As tribe after tribe arrived at Googoorewon, each took up a position at one of the various points of the ridges, surrounding the clear open space where the corrobborees were to be. The Wahn, crows, had one point; the Dummerh, pigeons, another; the Mahthi, dogs, another, and so on; Byamee and his tribe, Byahmul the black swans tribe, Oooboon, the blue tongued lizard, and many other chiefs and their tribes, each had their camp on a different point. When all had arrived there were hundreds and hundreds assembled, and many and varied were the nightly corrobborees, each tribe trying to excel the other in the fancifulness of their painted get-up, and the novelty of their newest song and dance. By day there was much hunting and feasting, by night much dancing and singing; pledges of friendship exchanged, a dillibag for a boomerang, and so on; young daughters given to old warriors, old women given to young men, unborn girls promised to old men, babies in arms promised to grown men; many and diverse were the compacts entered into, and always were the Wirreenun, or doctors of the tribes consulted.

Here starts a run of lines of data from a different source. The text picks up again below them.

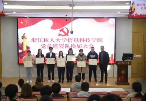 随后,主持人宣读“党员巡寝队”离任名单,丁书记为离任队长颁发聘书并合影留念。第一届“党员巡寝队”总队长林正潮总结上一年工作并简单介绍了“党员巡寝队”工作职责及工作规范。接着,主持人宣读了新任党员巡寝队队长名单,辅导员徐佳锋老师为党员巡寝队代表授牌,并亲手给他们戴上工作牌。第二届党员巡寝队总队长夏小天代表“党员巡寝队”全体成员发言,他表示我队将认真执行宿区自律管理办法,坚持“全心全意为同学服务”的原则,以打造温馨寝室为目的,以传承先锋信息精神为导向,以检查监督为抓手,以说服教育为手段,来全面提升员工自律意识,促进学院文明寝室建设。对宿区作息情况进行检查上报,对违纪行为视情况进行制止、劝导、说服、指正,并积极配合学院宿区管理工作,促进员工宿区的文化建设,创建良好的寝室氛围!最后,全体成员合影留念。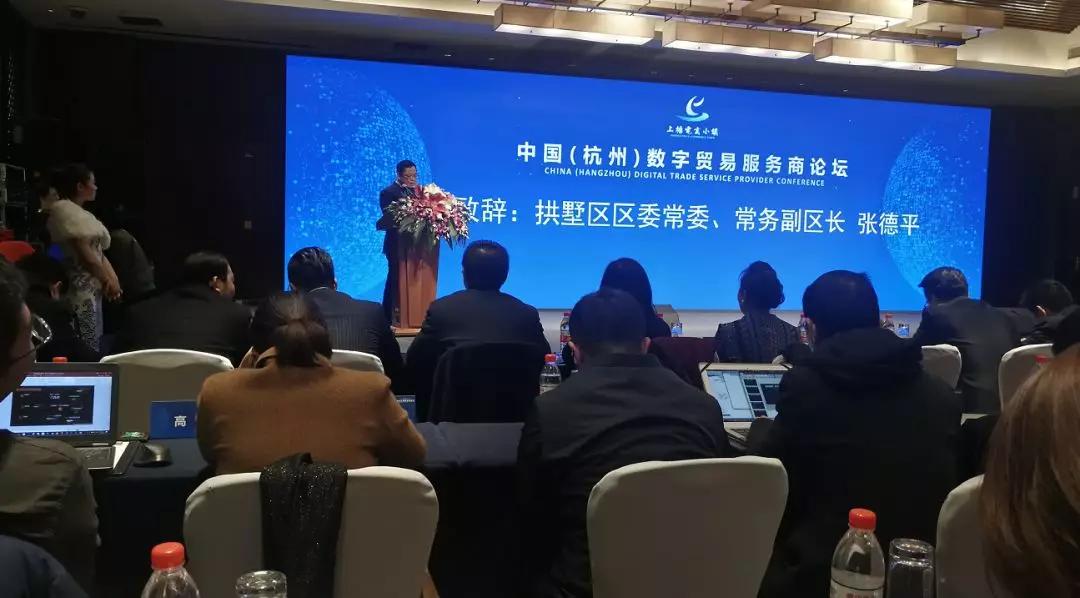2018年12月26日,由商务部电子商务和信息化司、中国(杭州)跨境电商综合试验区、拱墅区人民政府、阿里巴巴商学院、杭州跨境电商协会指导,上塘电商小镇管理委员会主办,上塘街道党工委办事处、运河(国际)跨境电子商务园承办,拱墅区商务局协办的中国(杭州)数字贸易服务商论坛于杭州拱墅运河契弗利酒店成功举办。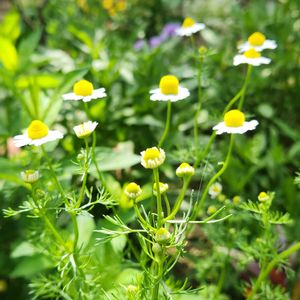 ジャーマンカモミール❀ 菜園の一角で風に揺れ 触るとフワ〜リ優しい香り🌿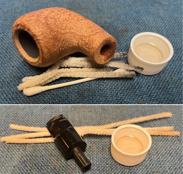 I cleaned out the inside of the shank and the airway in the stem with alcohol, cotton swabs and both bristle and regular pipe cleaners.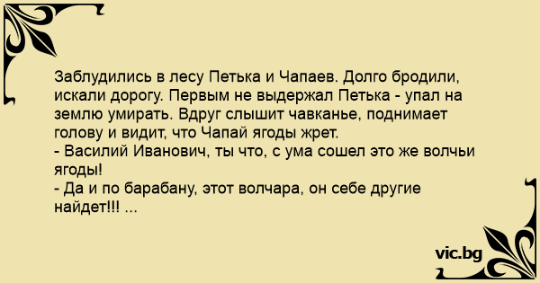 Заблудились в лесу Петька и Чапаев. Долго бродили, искали дорогу. Первым не выдержал Петька - упал на землю умирать. Вдруг слышит чавканье, поднимает голову и видит, что Чапай ягоды жрет.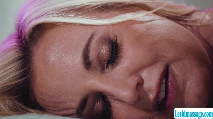 Brunette masseuse welcomes her milf client and she lets her get naked and start massaging her body passionately.After that,she gets horny and she then starts rubbing the pussy of her client and licks it after.

After some days the Wirreenun told the men of the tribes that they were going to hold a borah. But on no account must the innerh, or women, know. Day by day they must all go forth as if to hunt and then prepare in secret the borah ground. Out went the man each day. They cleared a very large circle quite clear, then they built an earthen dam round this circle, and cleared a pathway leading into the thick bush from the circle, and built a dam on either side of this pathway.